Language is a dynamic system that can embody one’s culture.  Words evolve.  New words are continuously added to the dictionary, while some are removed.  The question is how do we want our language, our culture to change?  Is it really practical to master English alone as it can bring you to places with “greener pastures” or will it be more beneficial to become multilingual in the future?  Is it necessary to choose between English and Filipino?  If we know how to speak Filipino, does that alone make us wholly and sincerely Filipino?  Should we, especially the younger generation, eventually learn to embrace the other dialects to preserve the culture that we have?  I find it futile to castigate Filipinos who think that English is superior to his/her own native language, especially if they were made to believe that English is their native language.  I think it would make more sense to find out what can be done to cure that mentality.  The challenge lies in all of us Filipinos but most especially in our educators, both at home and at school to encourage the younger generations TO REMAIN INTERESTED in learning the language native to their place.  I think it is a SIGN OF RESPECT to acquire the language of the majority, in one’s place of residence or work.

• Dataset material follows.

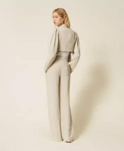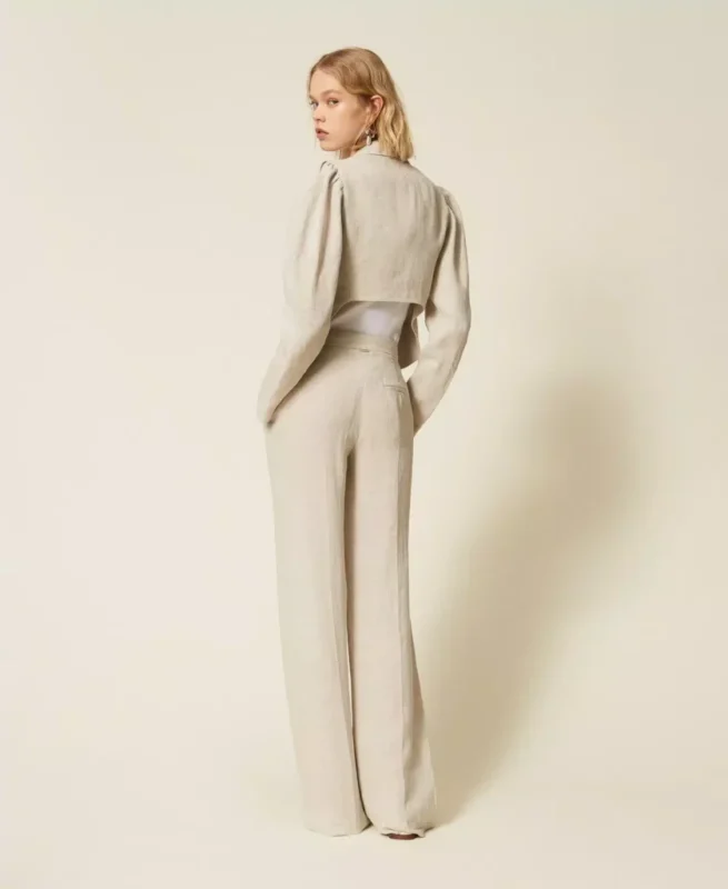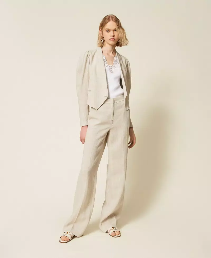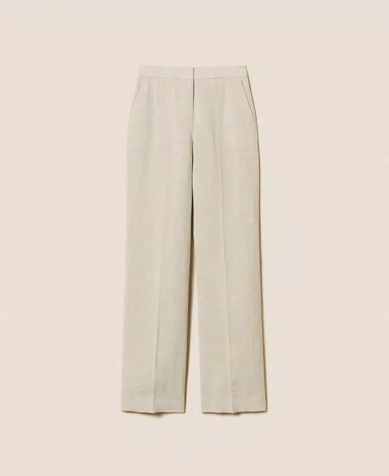 Broek gemaakt in Italië van natuurlijk linnen met lurex voor een zacht, licht effect. Stevige ritssluiting en haaksluiting, schuine zakken aan de zijkanten en paspelzakken aan de achterkant, gestreken vouw en wijde pasvorm.
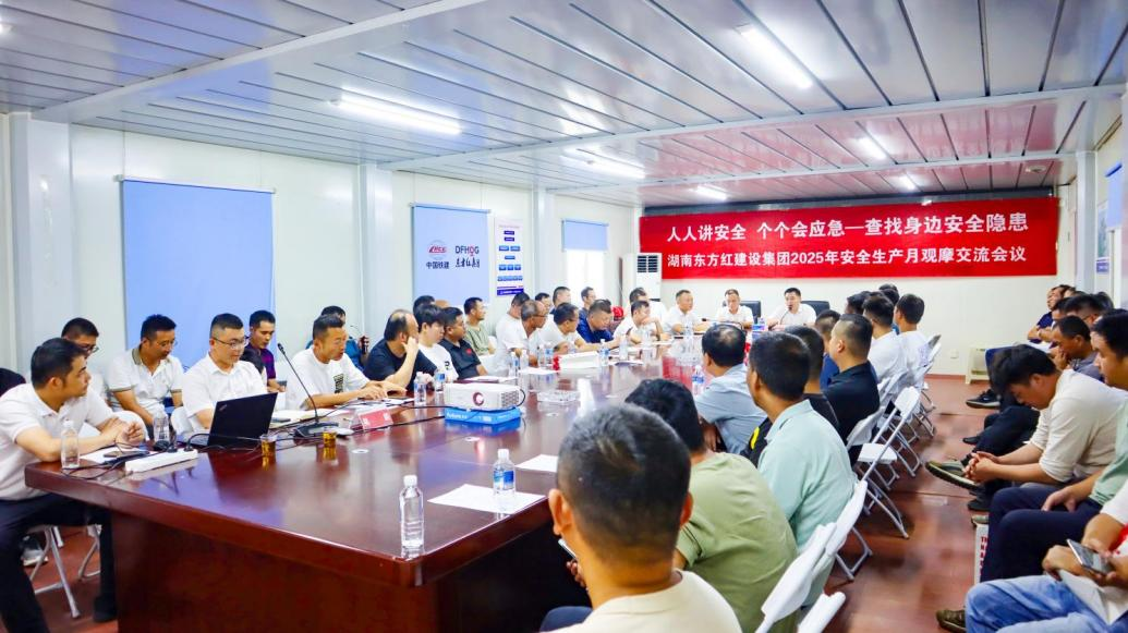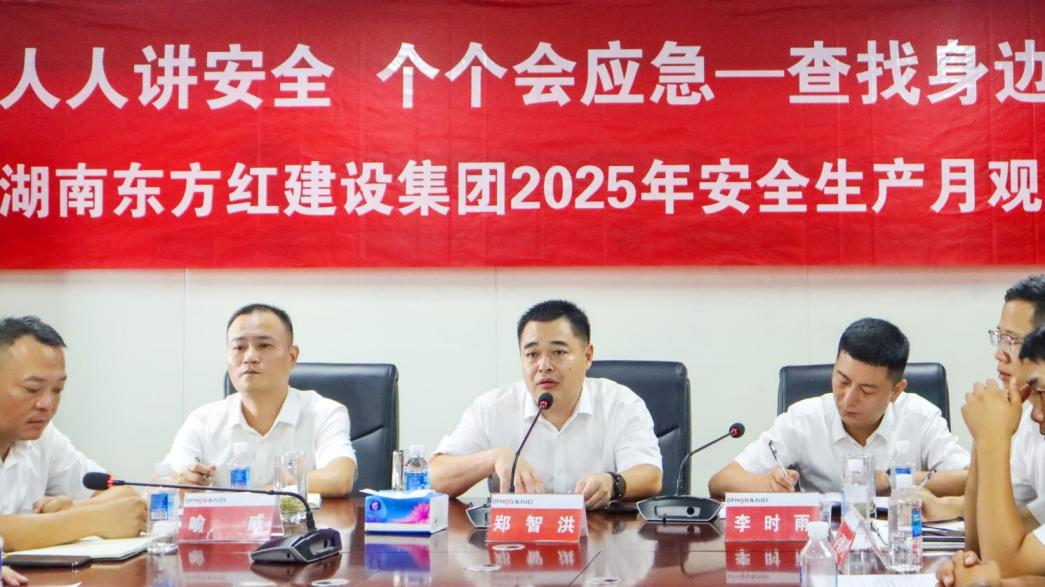 6月27日,湖南東方紅建設集團在大王山南片保障性住房三期(西地塊)項目部隆重舉行2025年安全生產月觀摩交流會議,建筑公司總經理鄭智洪、常務副總經理李時雨等領導以及公司項目負責人、關鍵崗位人員參加了本次活動,活動由建筑公司常務副總經理李時雨主持。

When it comes to learning a language, Filipinos are smart.  We struggle for a while with pronunciations but when we hear a lot of examples as to how the words are pronounced, we can easily follow.  Interestingly, we are more inclined to learn the words when they are part of a song- being the music lovers that we are.  When I first heard this boy sing  (http://www.youtube.com/watch?v=ik37QpZ-xg0) and how he enunciated the words of the song, albeit with a melody, I was impressed.  If it’s possible to learn English through a song, surely the technique will be applicable to Filipino too.  Of course you can argue that a singing voice is still different from a speaking voice.  My point is, if language is dynamic, then the way language is taught should be made dynamic as well.

With all the write-ups as to what the language of the learned is (in response again to Mr.  Soriano’s Manila Bulletin article), I think it is now possible to make a compilation of the snippets.  My take is: the language of the learned is not just one language, like English.  It is the combination of various syntaxes that make an individual a SENSIBLE and SENSITIVE communicator.  And I think, we Filipinos should aspire to be one.